Write out the opening lines of the data word for word, up to and including the line with "NOX ANABEL E1206", and leave every picture and every later line out.

→ **Provided material**
**********

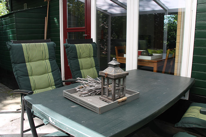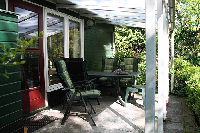 Het huisje biedt met een royale bostuin van ruim 800 m2 veel privacy. U heeft de beschikking over een overdekt terras waar u heerlijk kunt zitten. Het tuinmeubelset bestaat uit vier stoelen met tuinkussens en een tafel. In de tuin staat een picknicktafel.
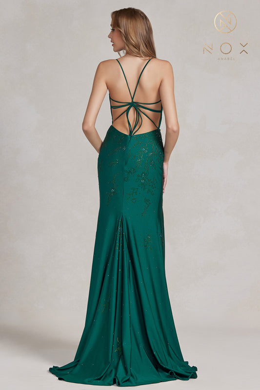NOX ANABEL E1206 Fitted Beaded Deep V-Neck Gown
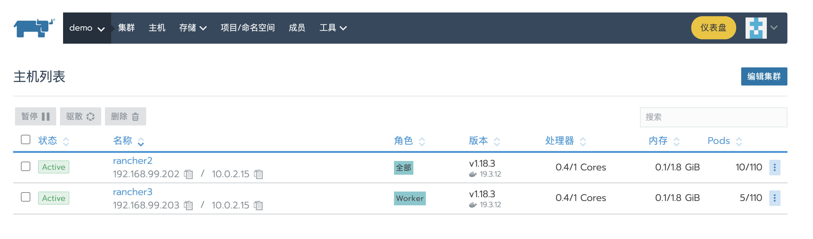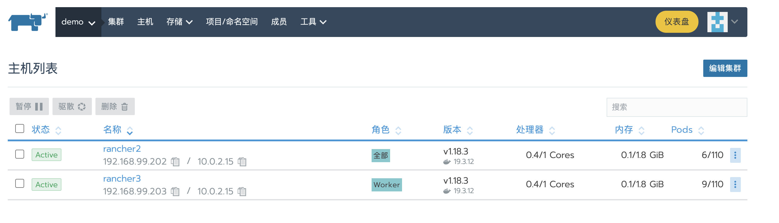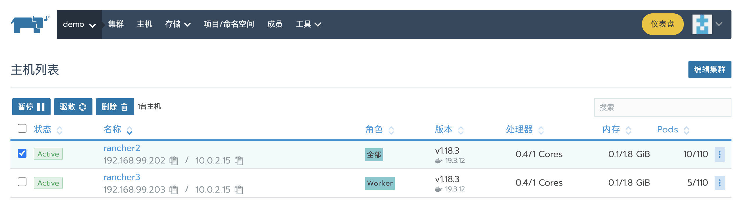 在我的环境中,demo集群有rancher2和rancher3两个节点。

**********

→ **Response for this exercise**
 Het huisje biedt met een royale bostuin van ruim 800 m2 veel privacy. U heeft de beschikking over een overdekt terras waar u heerlijk kunt zitten. Het tuinmeubelset bestaat uit vier stoelen met tuinkussens en een tafel. In de tuin staat een picknicktafel.
NOX ANABEL E1206 Fitted Beaded Deep V-Neck Gown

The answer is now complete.